Разлука мигом пронеслась.
Она меня не дождалась,
Но я прощаю, её прощаю.
Её простил и всё забыл,
Того ж, кто раньше с нею был,
Того, кто раньше с нею был,
Не извиняю.
Её, конечно, я простил,
Того ж, кто раньше с нею был,
Того, кто раньше с нею был,
Я повстречаю!
[1962]
* * *
Нам ни к чему сюжеты и интриги,—
Про всё мы знаем, что ты нам ни дашь.
Я, например, на свете лучшей книгой
Считаю кодекс уголовный наш.
И если мне неймётся и не спится
Или с похмелья нет на мне лица —
Открою кодекс на любой странице
И не могу, читаю до конца.
Я не давал товарищам советы,
Но знаю я — разбой у них в чести.
Вот только что я прочитал про это:
Не ниже трёх, не свыше десяти.
Вы вдумайтесь в простые эти строки, —
Что нам романы всех времён и стран!
В них всё — бараки, длинные, как сроки,
Скандалы, драки, карты и обман.
Сто лет бы мне не видеть этих строчек —
За каждой вижу чью-нибудь судьбу!
И радуюсь, когда статья — не очень:
Ведь всё же повезёт кому-нибудь…
И сердце бьется раненою птицей,
Когда начну свою статью читать.
И кровь в висках так ломится, стучится,
Как мусора, когда приходят брать.
[1962]
* * *
Сегодня я с большой охотою
Распоряжусь своей субботою,
И если Нинка не капризная —
Распоряжусь своею жизнью я.
— Постой, чудак! Она ж наводчица!
Зачем? — Да так! Уж очень хочется.
— Постой, чудак! У нас компания,
Пойдём в кабак, зальём желание.
— Сегодня вы меня не пачкайте,
Сегодня пьянка мне до лампочки.
Сегодня Нинка соглашается,
Сегодня жизнь моя решается.
— Ну и дела же с этой Нинкою,
Она жила со всей Ордынкою,
И с нею спать — ну кто захочет сам?
— А мне плевать, мне очень хочется.
Сказала — любит.
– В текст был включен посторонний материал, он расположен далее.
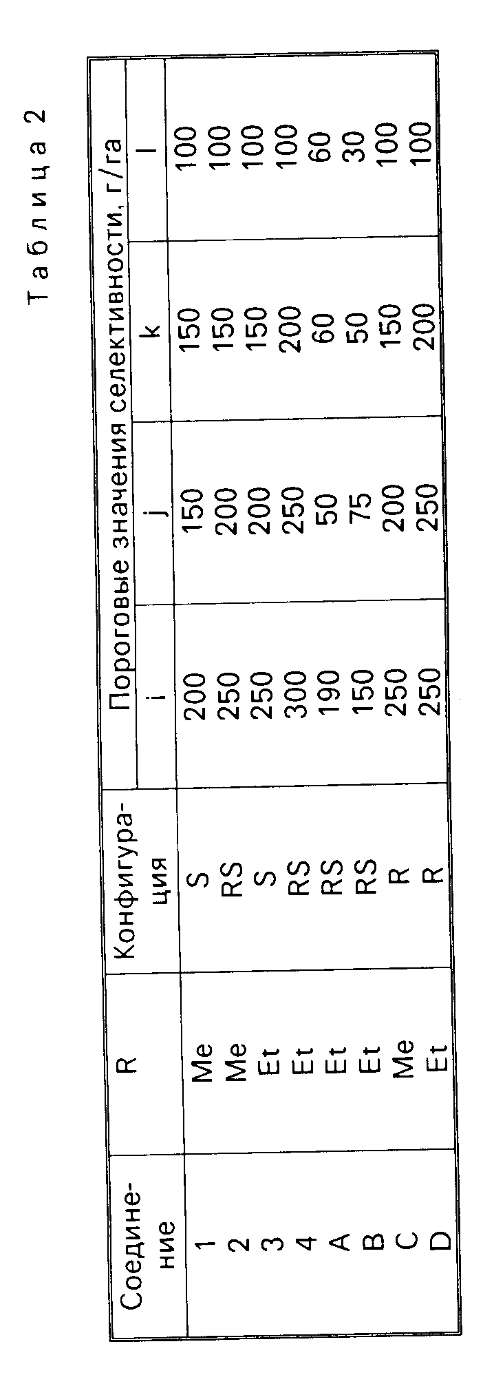 и D дозы, при которых гербицидная активность превышает 90% (табл.1), и пороговые расходы по селективности относительно отдельных сорняков и культурных растений (табл.2) близки между собой. Названия и

Всё, замётано.
— Отвечу рупь за сто, что врёт она,
Она ж сама ко всем ведь просится…
— А мне чего, мне очень хочется.
— Она ж хрипит, она же грязная,
И глаз подбит, и ноги разные,
Всегда одета как уборщица…
— Плевать на это — очень хочется.
Все говорят, что не красавица,
А мне такие больше нравятся.
Ну что ж такого, что наводчица?
А мне ещё сильнее хочется.
[1963]
У меня гитара есть — расступитесь, стены!
Век свободы не видать из-за злой фортуны!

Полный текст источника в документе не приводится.